Vulnerability identifier: #VU91267
Vulnerability risk: Low
CVSSv3.1: 2 [CVSS:3.1/AV:N/AC:H/PR:H/UI:N/S:U/C:L/I:N/A:N/E:U/RL:O/RC:C]
CVE-ID:
CWE-ID:
CWE-285
Exploitation vector: Network
Exploit availability: No
Vulnerable software:
Elasticsearch
Web applications /
Other software
Vendor: Elastic Stack
Description
The vulnerability allows a remote user to gain access to sensitive information.
The vulnerability exists due to improper authorization within the API key based security model for Remote Cluster Security.

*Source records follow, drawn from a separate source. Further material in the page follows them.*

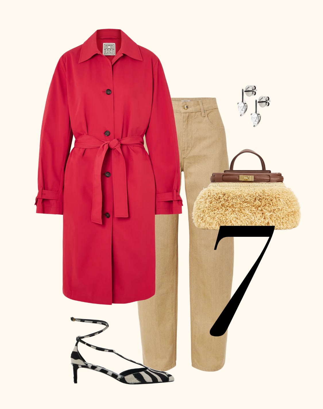 7: Toteme trench, OSSOU jeans, Dorsey earrings, Janessa Leone bag, Khaite pumps
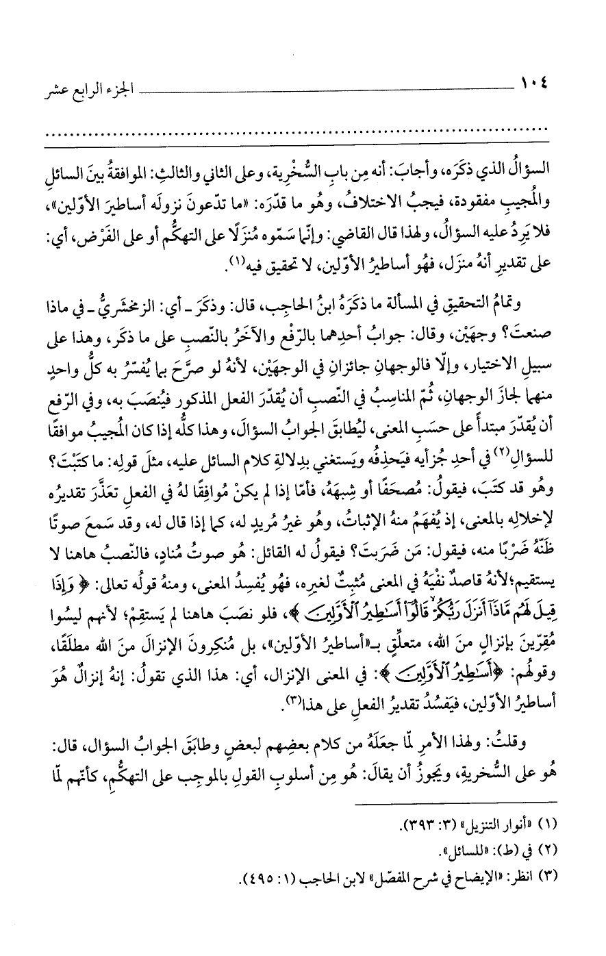 السؤال الذي ذكره، وأجاب: أنه من باب السخرية، وعلى الثاني والثالث: الموافقة بين السائل والمجيب مفقودة، فيجب الاختلاف، وهو ما قدره: "ما تدعون نزوله أساطير الأولين"، فلا يردُ عليه السؤال، ولهذا قال القاضي: وإنما سموه منزلاً على التهكم أو على الفرض، أي: على تقدير أنه منزل، فهو أساطير الأولين، لا تحقيق فيه.
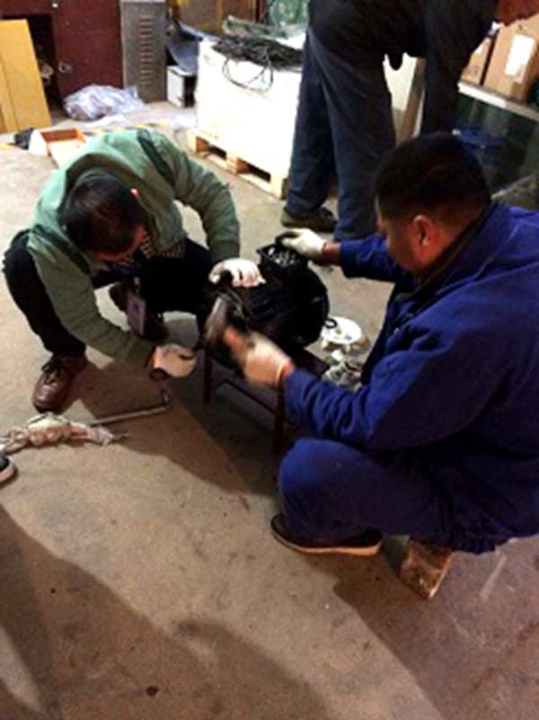 下午2:20,地点二水厂,维修板房压力机,原因为自动运行液压机超压不停机,自动开启以后发现在达到压力上限的时候油压机仍在工作,压力仍一直上升,因为是二手设备,而且据运行人员运行观察,在油压达到最大的时候,自动停机液压设备,在压力下降到低限的时候,自动启动液压机。后经过再三测试,最终确定在压力达到上限的九秒左右才停止油压机,最终结果在运行后再确定。
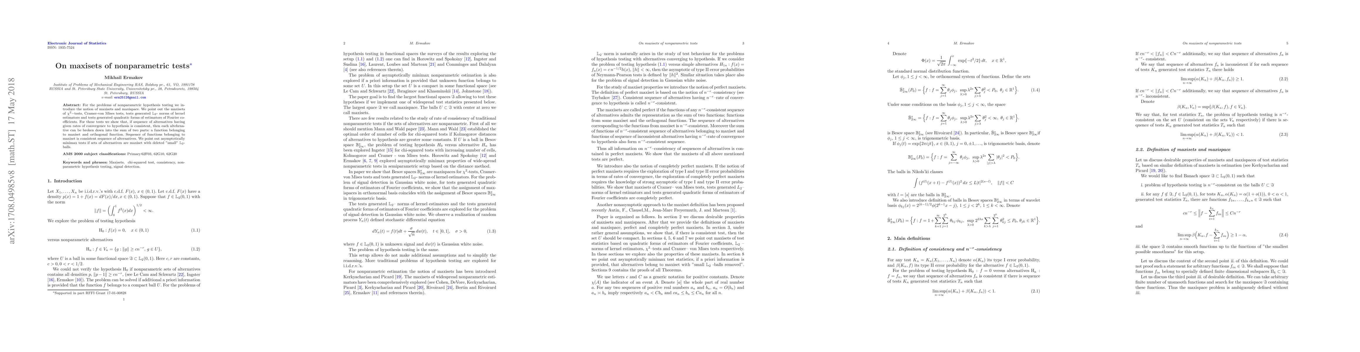 This paper introduces the concepts of maxisets and maxispaces in the context of nonparametric hypothesis testing. It demonstrates that under certain conditions, alternatives to the null hypothesis can be decomposed into components that belong to the maxiset and orthogonal functions. The paper also discusses asymptotically minimax tests when the alternative sets resemble maxisets with small $\mathbb{L}_2$-balls removed.
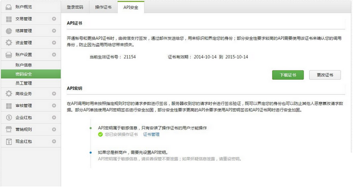 1、登录微信商户号后,找到账户设置 -> 密码安全 -> API安全 -> API密钥;
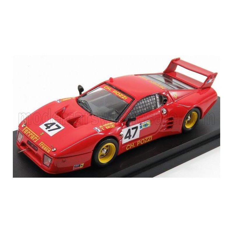 Miniature diecast Le Mans 1/43 de la Ferrari 512 BB ch Pozzi n 47 pilotée par Ballot Lena - Andruet aux 24 Heures Le Mans 1981. Winner Class GTX. Modèle réduit de voiture Best Model 9671. Catalogue Miniatures automobile 24h Best Model 2021. Maquette auto de collection.
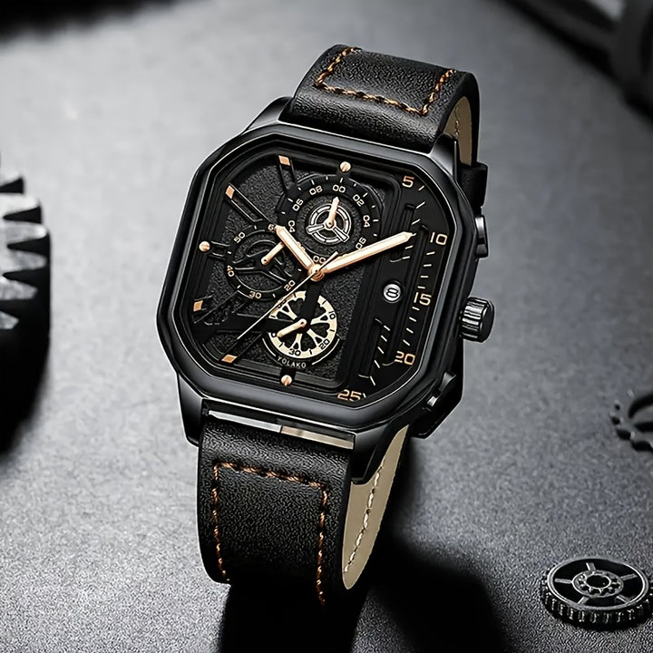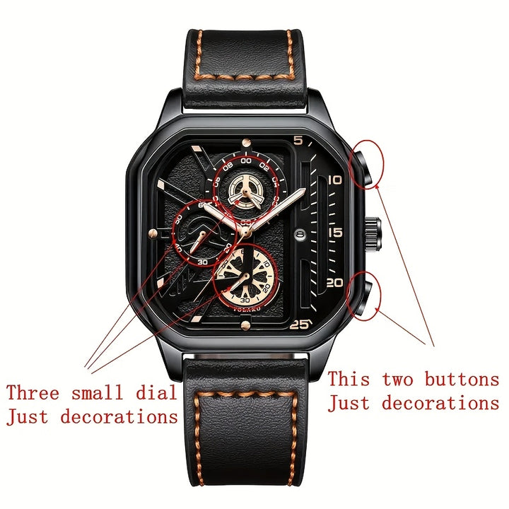 Men’s Sports Watch – Quartz Movement, Square Alloy Case, Calendar

A remote user with a valid API key for a remote cluster configured to use new Remote Cluster Security can read arbitrary documents from any index on the remote cluster, if they use the Elasticsearch custom transport protocol to issue requests with the target index ID, the shard ID and the document ID.
Mitigation
Install updates from vendor's website.
Vulnerable software versions
Elasticsearch: 8.10.0 - 8.12.2
External links
http://discuss.elastic.co/t/elasticsearch-8-13-0-security-update-esa-2024-07/356315
Can this vulnerability be exploited remotely?
Yes. This vulnerability can be exploited by a remote authenticated privileged user via the Internet.
Is there known malware, which exploits this vulnerability?
No. We are not aware of malware exploiting this vulnerability.